One of the aspirations for Humbug is that it can be the basis for an AI operating system. It didn't start that way, however. It started as an AI development application.
Dependency checking
A few months ago I started trying to tease the front-end and back-end modules to make it possible to test this concept. The idea was that if I could separate these then I could build a different front-end, or build apps that needed no front-end at all.
This change is more than just philosophically interesting, however. The idea is that the AI back-end layer should be able to invoke front-end capabilities without even really knowing what they are sometimes. For example, the AI might decide it needs to show the user a file, but different front-end implementations might do this same thing in different ways.
I did the initial separation by hand and I've generally avoided breaking things, but as the code has become more complex it has also start to be easy to make mistakes. I anticipated this might be the case, so a couple of months ago I wrote a GitHub issue saying I needed a special linter tool.
I finally got to this today. I had Claude build me a dependency analysis tool.
The build took a couple of hours because there's quite a lot of code involved in doing this right, but the result is quite pleasing. I did have to stop Claude hugely overengineering things again, however. This is a recurring theme with LLMs.
Entertainingly, it did find an issue. My change yesterday introduced a dependency it shouldn't have done!
(venv) $ [15:35:23 ~/github/m6r/humbug] python -m tools.dependency_checker check
Dependency Check Results
========================
✓ ai_conversation_transcript/ - checked, no violations
✓ ai_tool/ - checked, no violations
✓ dast/ - checked, no violations
✓ dmarkdown/ - checked, no violations
✓ humbug/ - checked, no violations
✓ metaphor/ - checked, no violations
✓ syntax/ - checked, no violations
✓ terminal/ - checked, no violations
✗ ai/ - 1 violation(s) found (1 internal)
Internal Module Violations:
----------------------------
src/ai/ai_conversation.py:19
└─ 🔗 Illegal import: from humbug.language.language_manager import LanguageManager
Rule: ai cannot depend on humbug
Summary:
Files checked: 249
Modules checked: 9
Total violations: 1
Internal violations: 1
Status: ✗ FAILED - 1 violation(s)
Fortunately this only took 5 minutes to fix.
Letting Humbug control the terminal
The current terminal design gave Humbug the ability to open and close terminal tabs, but not to do anything with them after that. That's interesting, but a little limiting!
I explained I wanted to be able to use the terminal to send and check commands within the Humbug environment, then reminded the AI that it already had a sleep call so it could arrange to wait for things to happen.

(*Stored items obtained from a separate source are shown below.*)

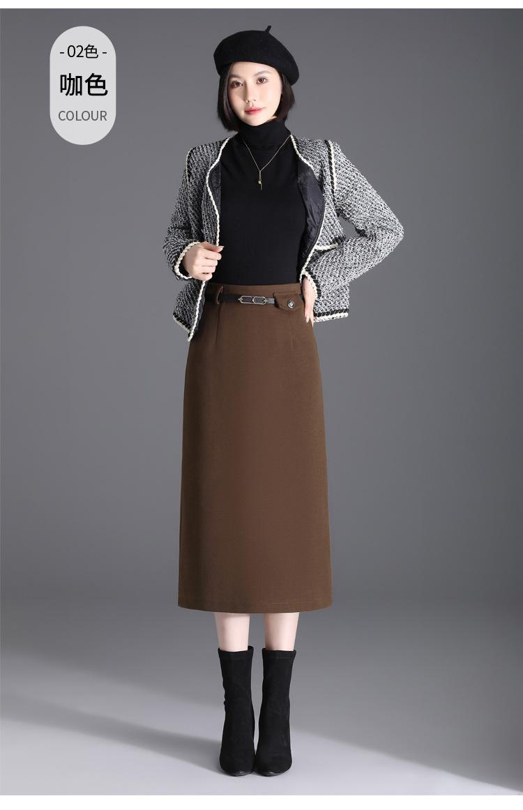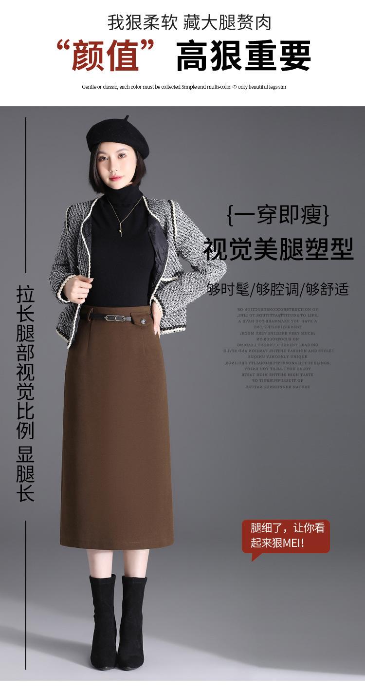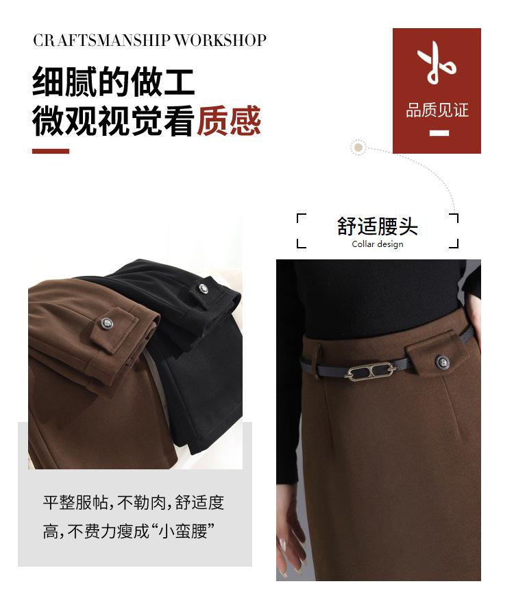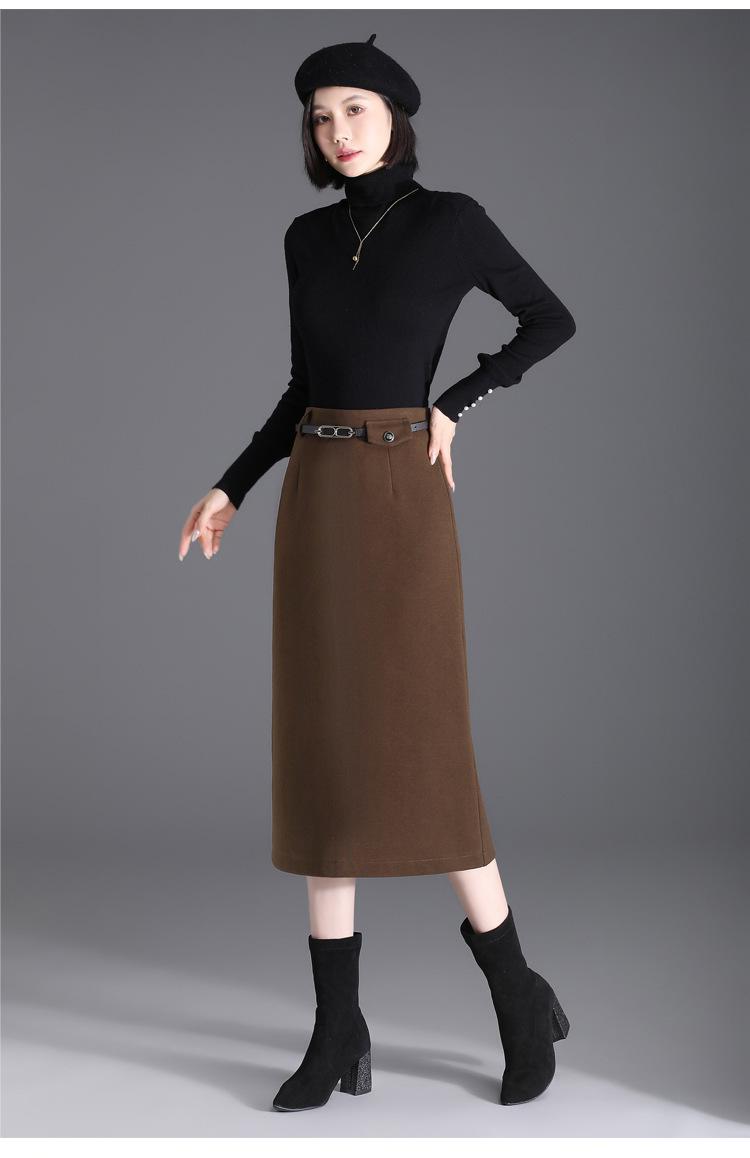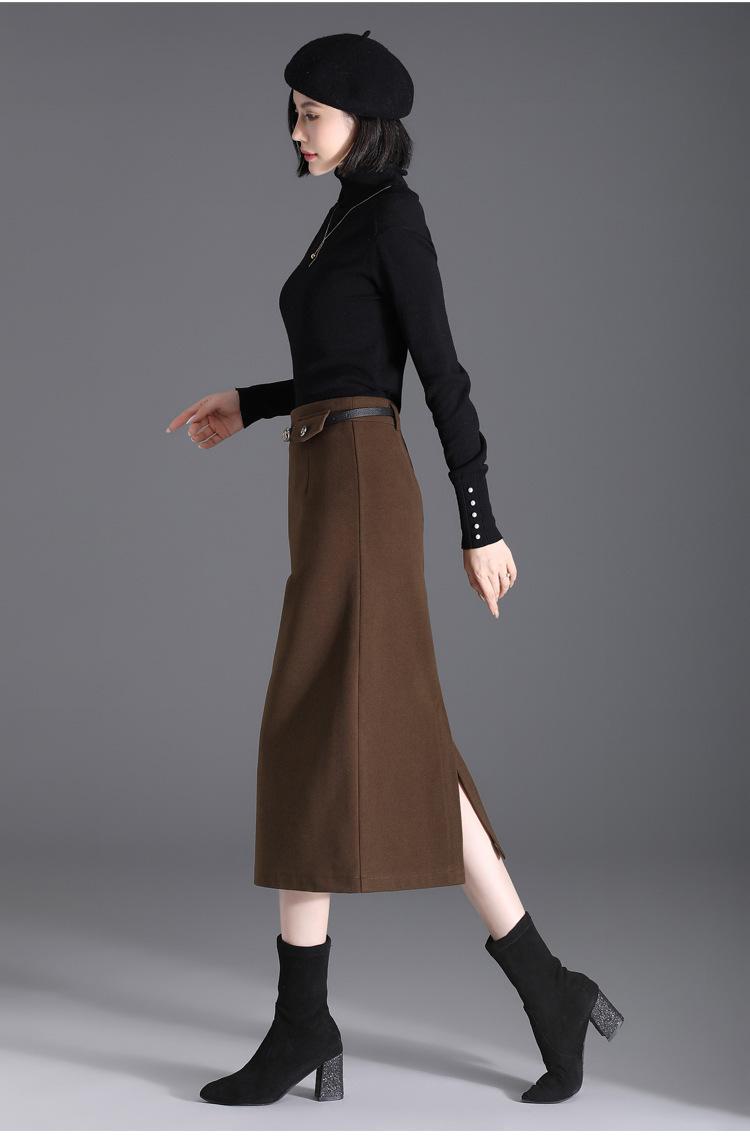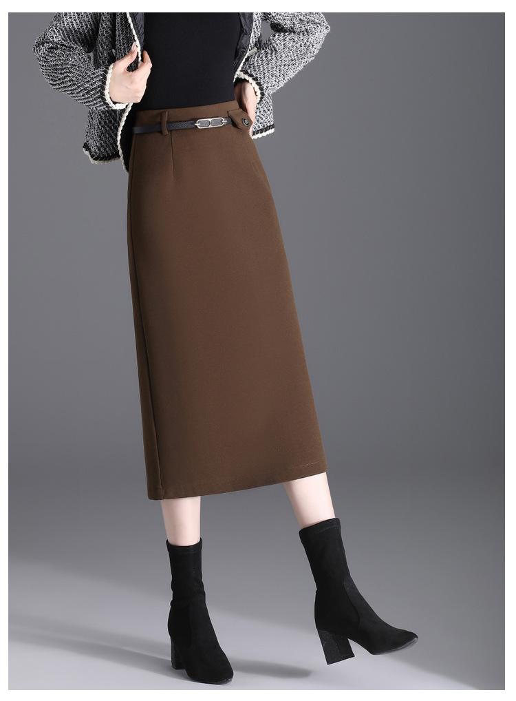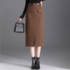Falda de Lana a la Moda Cubrecaderas para Mujer 2024 Otoño e Invierno Nuevo Estilo Coreano de Cintura Alta Recta Profesional de Un Paso Largo Medio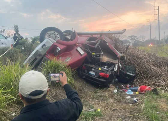 Dos hombres murieron aplastados por un tráiler cargado de caña en la carretera Córdoba-Veracruz, a la altura de El Faisán.…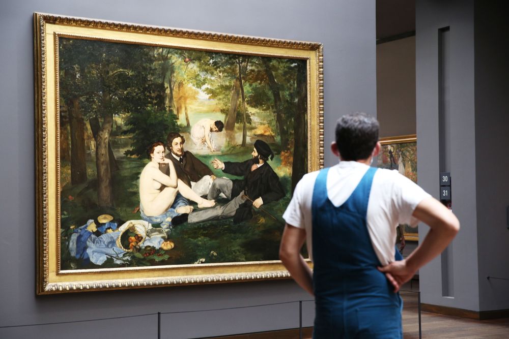 这是2020年6月23日一名男子在法国巴黎奥尔赛博物馆观赏马奈名画《草地上的午餐》的资料照片。(新华社记者高静摄)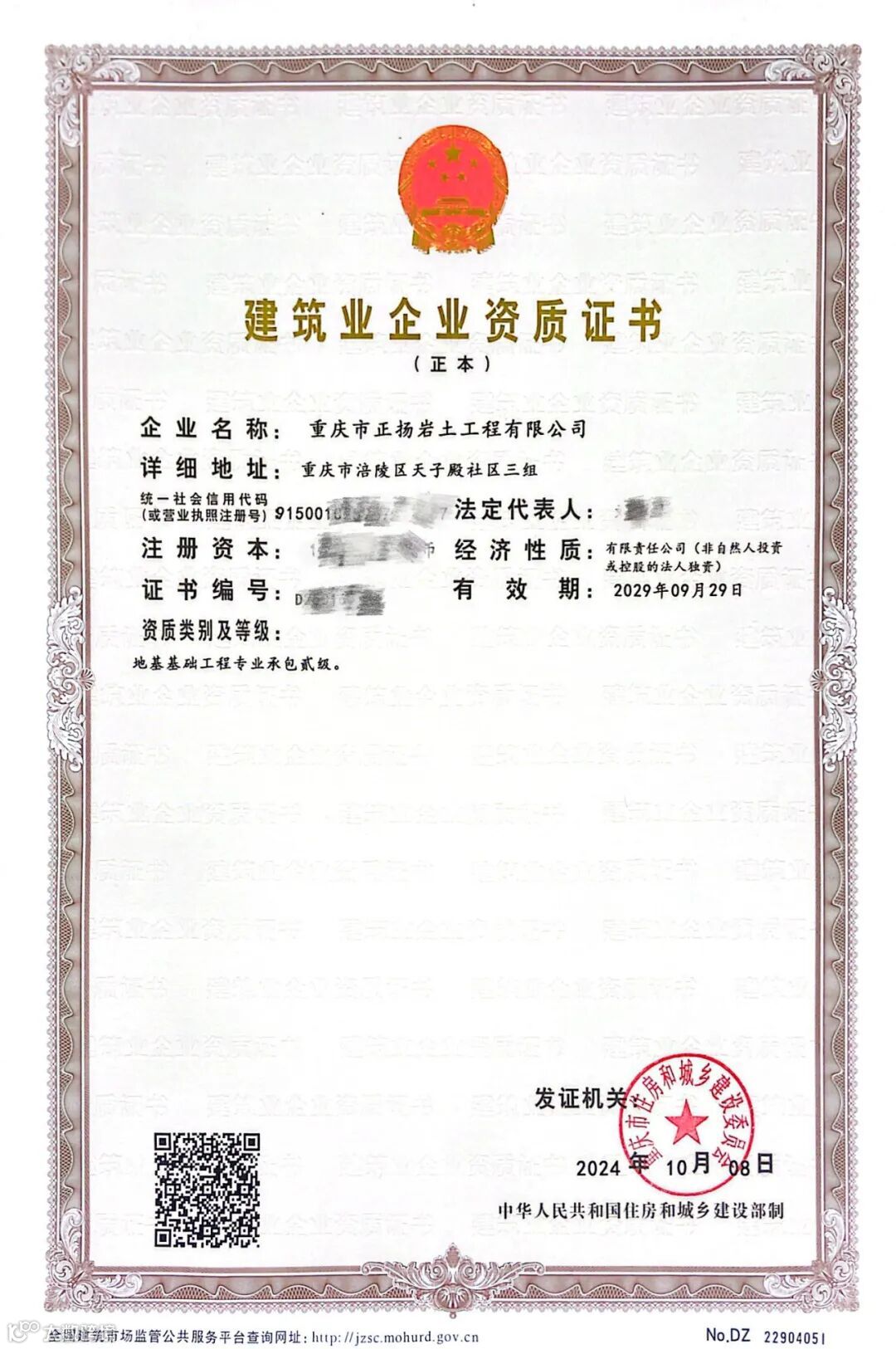 近日,经重庆市住房和城乡建设委员会批准,公司下属全资子公司重庆市正扬岩土工程有限公司(简称:正扬岩土公司)成功取得地基基础工程专业承包贰级资质。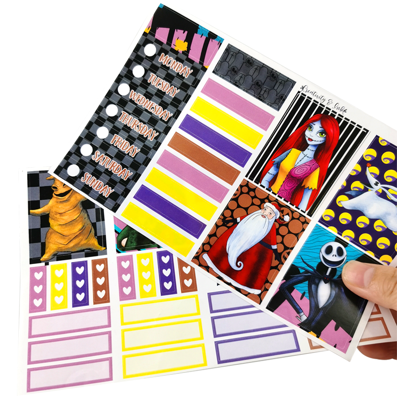 Adesivos de papel graváveis personalizados para colorir em folhas de beijos

One small nudge to Claude was that I wanted the existing system AI tool to be updated rather than adding a new one and it then coded up something, with user tool approvals for commands being submitted.
The first version worked first time (yay!) but had some mypy
issues. I asked it to run mypy
and it proceeede to iterate through debugging how to do that, got results, waited for things to stabilize, then debugged and fixed the errors.
Total elapsed time, including writing this note of 39 minutes.
This isn't perfect (there are some protected attribute accesses I need to fix) but that's pretty bloody amazing!
What's equally interesting is this is another case of providing an LLM a set of orthogonal tools and it being able to string them together in surprising an interesting ways. E.g. "open terminal", "run command", "sleep", "read the terminal", rinse and repeat.